Test-Icicles - 'For Screening Purposes Only'It's a long shot, certainly, but perhaps, in generations to come, 2005 will be known as some sort of year zero. A musical watershed, in which the outdated concepts of melody, structure and lyrical coherence ceased to contain any degree of relevance.

East London's Test Icicles would like to think so. Whether anyone else does is open to question. They are hindered by a moniker that seems to follow Principal Skinner from 'The Simpsons' justification in branding Homer's barbershop quartet 'The B-Sharps' - 'what we need is a name that's witty at first, but that seems less funny each time you hear it!'.

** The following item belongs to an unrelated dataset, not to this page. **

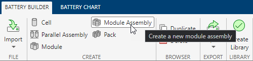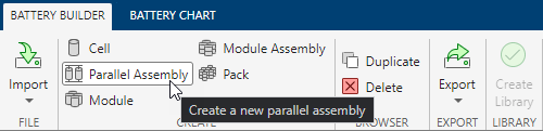 要创建 ParallelAssembly 对象,在工具条的电池构建器选项卡下的创建部分中,选择并联组件。

Big on strange noises, short on tunes, 'For Screening Purposes' is a squarkingly atonal, collision of Bloc Party and Sonic Youth stumbling over At The Drive-In. At their most accessible ('Circle, Square, Triangle'), they sound like Kele Okereke drunkenly attempting karaoke versions of Le Tigre. At the less user-friendly end of the spectrum - see 'Catch It!' - they might most charitably be described as 'challenging'. That is, if 'challenging' applies to the sound of System Of A Down attempting to play Muse's 'Absolution' LP with an enhanced death metal 'twist' after undergoing a particularly heavy session of 'Clockwork Orange'-style, mind-bending psychotherapy. Yep... *challenging.*

So are Test Icicles fearless Captain Beefheart-style pioneers, valiantly disassembling musical barriers on behalf of an oblivious, complacent public? Or witless practitioners of hopelessly indulgent dross: the aural equivalent of that exhibit in the Tate Modern that so excites the art school crowd but to the 'untrained' eye merely looks like a great big pile of empty cardboard boxes? There'll be no shortage of differences of opinion on this one.